→ Exercise brief: Print the records below exactly, from the line containing "The country attribute" down to the line containing "1. Cream together", both lines included, and omit every picture.
[Dataset content Boundary: Start]
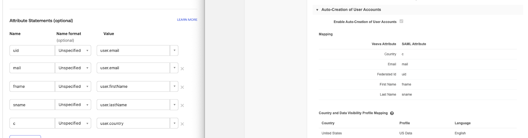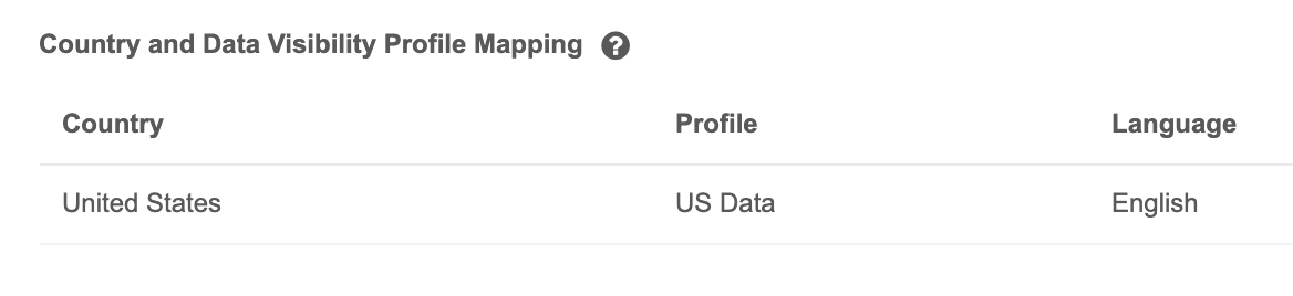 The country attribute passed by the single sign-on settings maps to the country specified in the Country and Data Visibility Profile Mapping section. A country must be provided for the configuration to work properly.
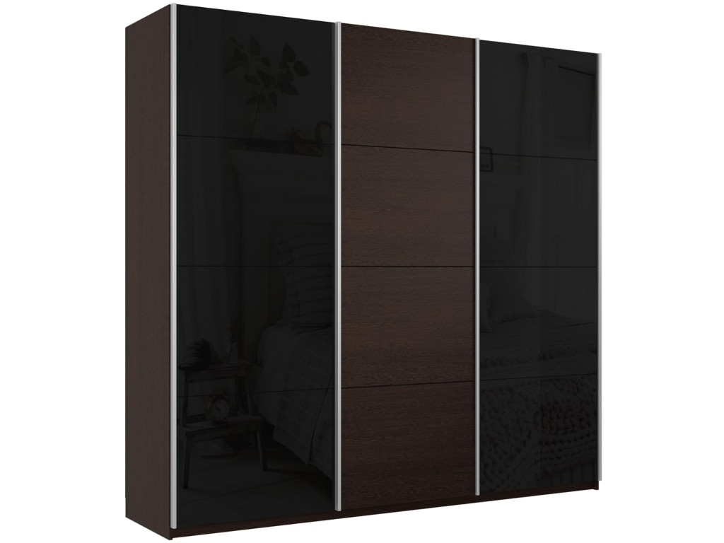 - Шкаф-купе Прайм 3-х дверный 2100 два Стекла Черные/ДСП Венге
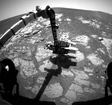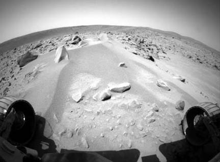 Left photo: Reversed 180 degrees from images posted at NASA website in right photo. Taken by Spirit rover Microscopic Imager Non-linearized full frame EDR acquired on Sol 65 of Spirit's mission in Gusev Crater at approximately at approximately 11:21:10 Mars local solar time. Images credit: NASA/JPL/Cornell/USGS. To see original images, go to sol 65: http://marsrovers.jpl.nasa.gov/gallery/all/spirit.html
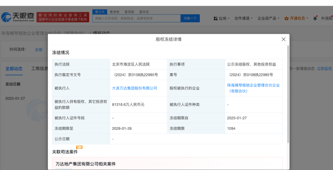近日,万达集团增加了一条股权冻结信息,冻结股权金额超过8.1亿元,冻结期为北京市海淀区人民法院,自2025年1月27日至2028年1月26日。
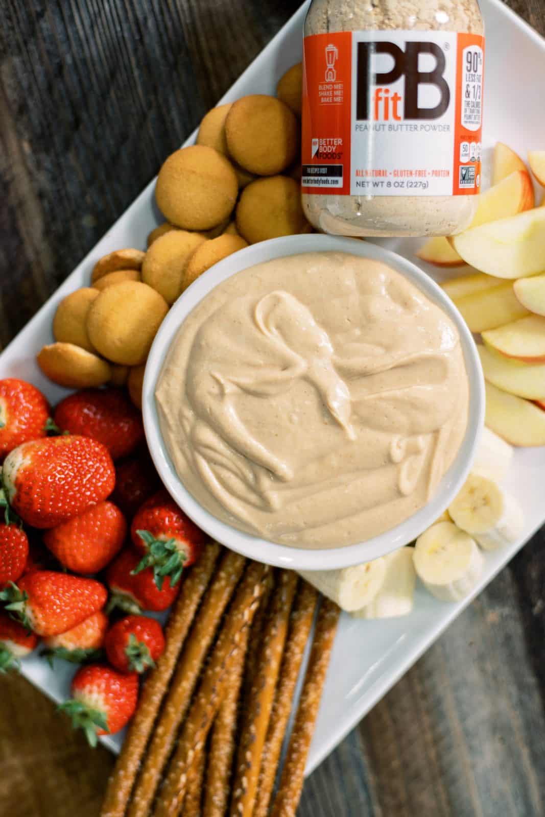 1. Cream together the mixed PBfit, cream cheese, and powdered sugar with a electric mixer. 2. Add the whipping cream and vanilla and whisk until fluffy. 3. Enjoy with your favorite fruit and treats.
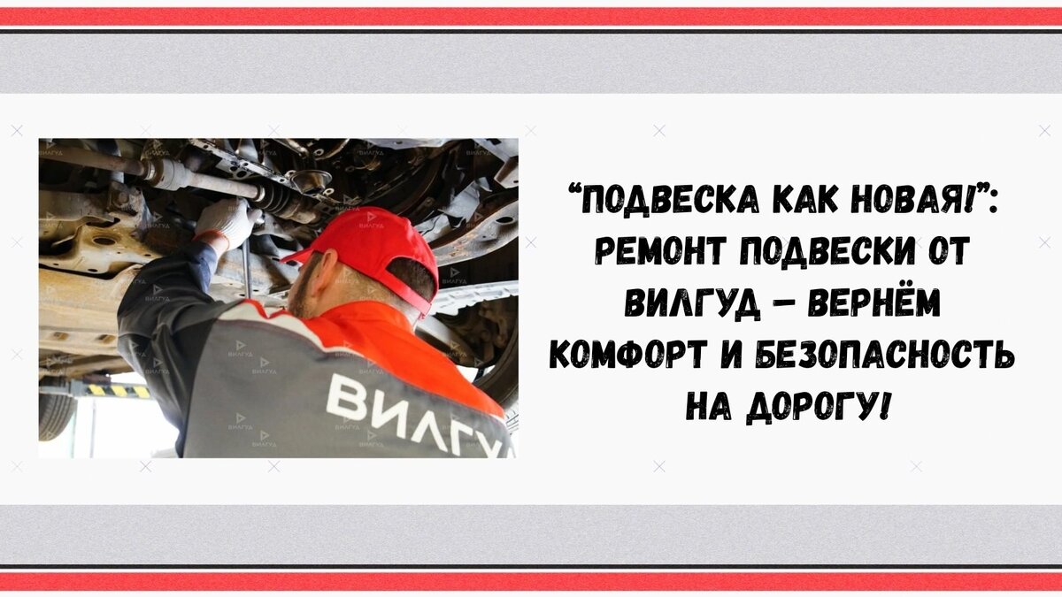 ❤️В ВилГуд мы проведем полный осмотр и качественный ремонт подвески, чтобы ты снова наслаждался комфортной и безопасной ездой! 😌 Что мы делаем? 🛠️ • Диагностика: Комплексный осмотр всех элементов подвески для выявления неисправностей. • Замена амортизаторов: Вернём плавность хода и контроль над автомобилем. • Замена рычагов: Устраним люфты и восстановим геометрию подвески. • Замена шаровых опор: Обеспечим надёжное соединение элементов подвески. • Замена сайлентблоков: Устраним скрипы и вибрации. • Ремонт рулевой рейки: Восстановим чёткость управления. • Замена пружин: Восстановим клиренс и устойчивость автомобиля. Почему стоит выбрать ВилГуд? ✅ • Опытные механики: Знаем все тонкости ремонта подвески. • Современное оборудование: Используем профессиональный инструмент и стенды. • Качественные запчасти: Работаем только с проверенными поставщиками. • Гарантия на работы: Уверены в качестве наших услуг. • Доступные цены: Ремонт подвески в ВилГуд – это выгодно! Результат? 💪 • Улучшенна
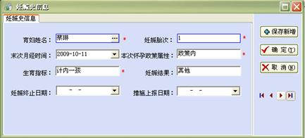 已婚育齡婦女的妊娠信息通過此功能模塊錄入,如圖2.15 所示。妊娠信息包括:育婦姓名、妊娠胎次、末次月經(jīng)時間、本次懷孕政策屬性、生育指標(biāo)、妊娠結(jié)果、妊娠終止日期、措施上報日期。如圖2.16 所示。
[Dataset content Boundary: End]
[Dataset content Boundary: Start]
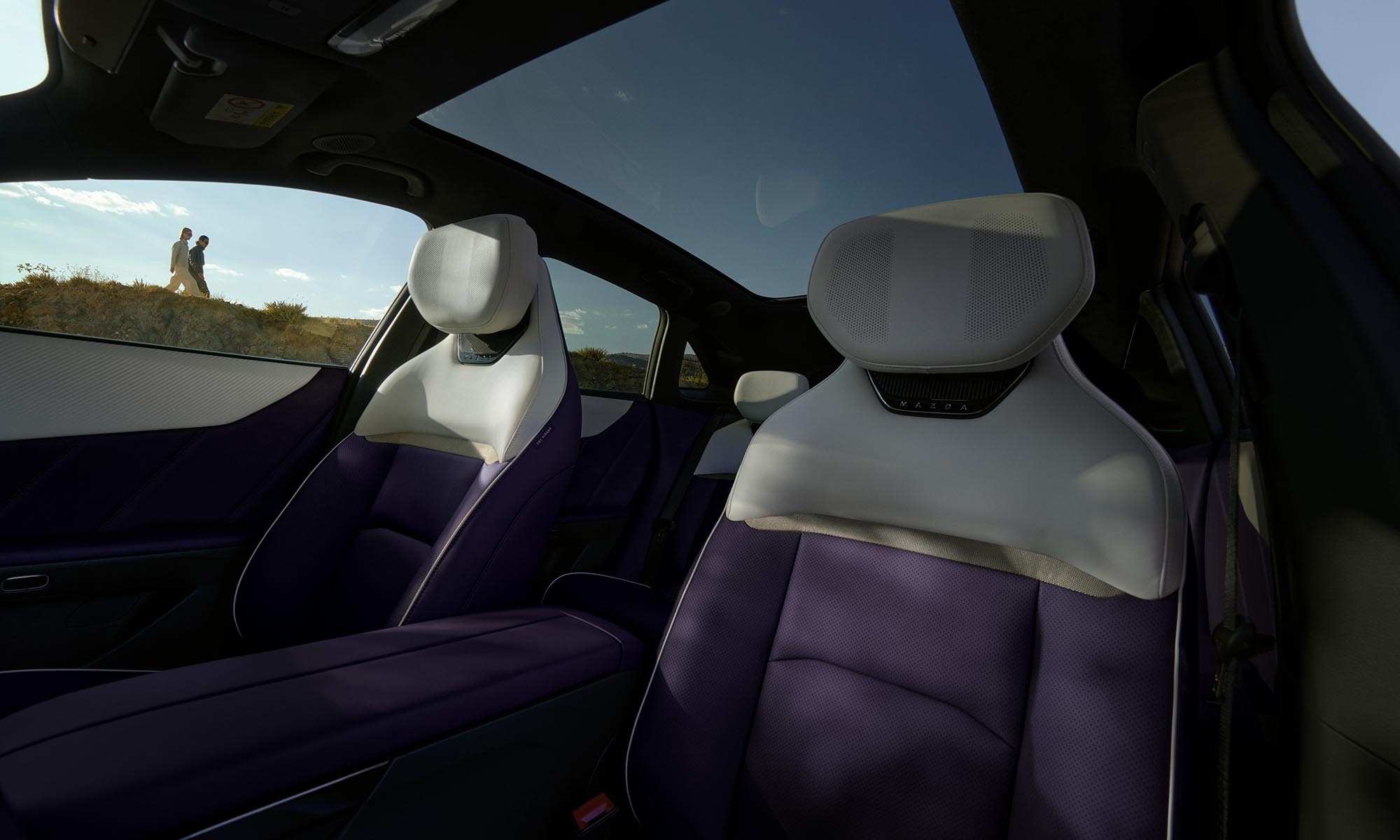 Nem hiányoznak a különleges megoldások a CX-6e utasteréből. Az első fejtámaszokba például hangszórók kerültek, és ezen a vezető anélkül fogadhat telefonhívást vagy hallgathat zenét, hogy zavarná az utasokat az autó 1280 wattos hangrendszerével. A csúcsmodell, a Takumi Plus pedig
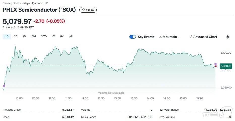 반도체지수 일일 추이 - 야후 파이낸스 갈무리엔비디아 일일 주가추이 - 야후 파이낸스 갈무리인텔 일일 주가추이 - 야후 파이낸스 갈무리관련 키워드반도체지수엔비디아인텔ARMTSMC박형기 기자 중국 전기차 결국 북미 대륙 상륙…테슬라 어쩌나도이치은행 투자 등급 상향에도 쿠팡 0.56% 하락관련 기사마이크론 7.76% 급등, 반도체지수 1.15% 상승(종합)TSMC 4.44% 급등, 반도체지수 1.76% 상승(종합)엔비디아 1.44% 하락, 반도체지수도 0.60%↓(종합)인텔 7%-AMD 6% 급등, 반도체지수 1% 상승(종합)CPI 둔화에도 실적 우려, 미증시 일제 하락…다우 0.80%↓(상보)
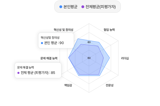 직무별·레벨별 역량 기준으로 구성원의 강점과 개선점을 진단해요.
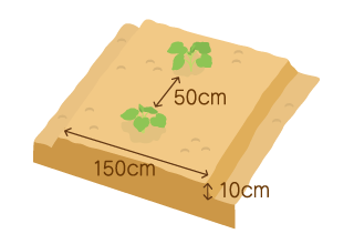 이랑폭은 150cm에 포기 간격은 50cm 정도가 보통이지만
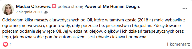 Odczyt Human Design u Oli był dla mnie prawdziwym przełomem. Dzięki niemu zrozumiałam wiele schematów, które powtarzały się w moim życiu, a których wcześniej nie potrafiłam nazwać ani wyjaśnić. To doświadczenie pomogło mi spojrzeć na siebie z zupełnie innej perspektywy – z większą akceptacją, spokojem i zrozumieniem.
[Dataset content Boundary: End]
[Dataset content Boundary: Start]
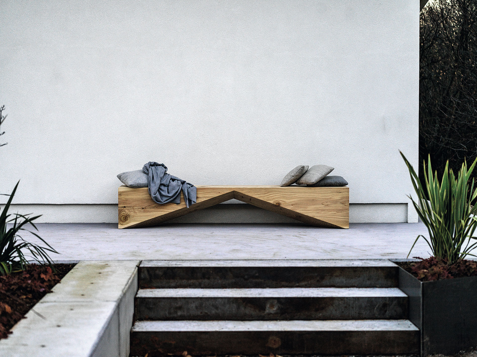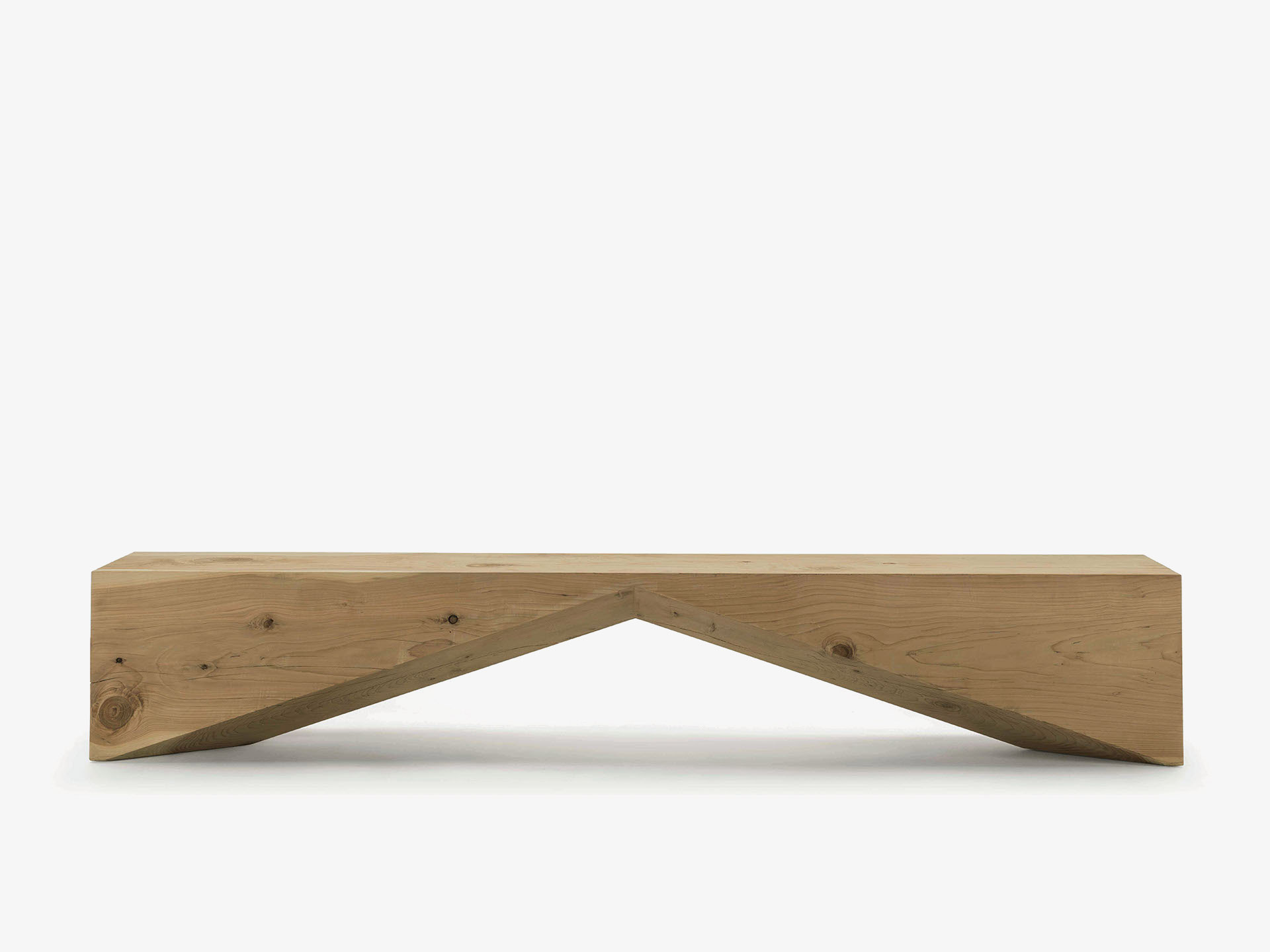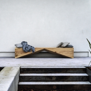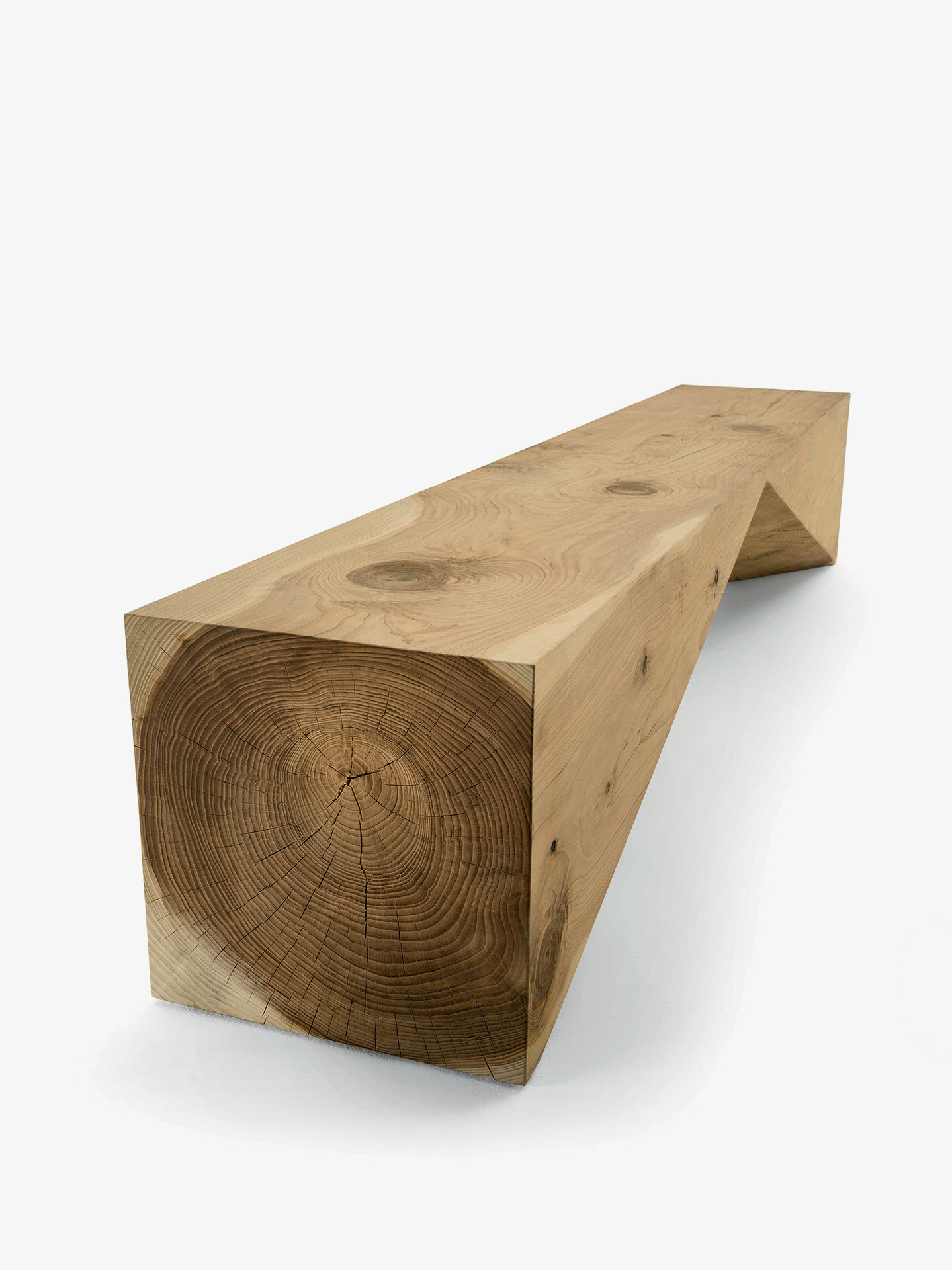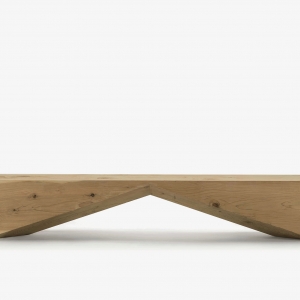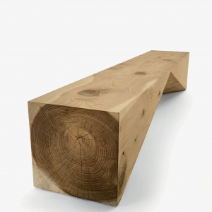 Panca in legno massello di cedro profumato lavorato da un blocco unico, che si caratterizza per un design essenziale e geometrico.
[Dataset content Boundary: End]
→ Output below:
 The country attribute passed by the single sign-on settings maps to the country specified in the Country and Data Visibility Profile Mapping section. A country must be provided for the configuration to work properly.
 - Шкаф-купе Прайм 3-х дверный 2100 два Стекла Черные/ДСП Венге
 Left photo: Reversed 180 degrees from images posted at NASA website in right photo. Taken by Spirit rover Microscopic Imager Non-linearized full frame EDR acquired on Sol 65 of Spirit's mission in Gusev Crater at approximately at approximately 11:21:10 Mars local solar time. Images credit: NASA/JPL/Cornell/USGS. To see original images, go to sol 65: http://marsrovers.jpl.nasa.gov/gallery/all/spirit.html
近日,万达集团增加了一条股权冻结信息,冻结股权金额超过8.1亿元,冻结期为北京市海淀区人民法院,自2025年1月27日至2028年1月26日。
 1. Cream together the mixed PBfit, cream cheese, and powdered sugar with a electric mixer. 2. Add the whipping cream and vanilla and whisk until fluffy. 3. Enjoy with your favorite fruit and treats.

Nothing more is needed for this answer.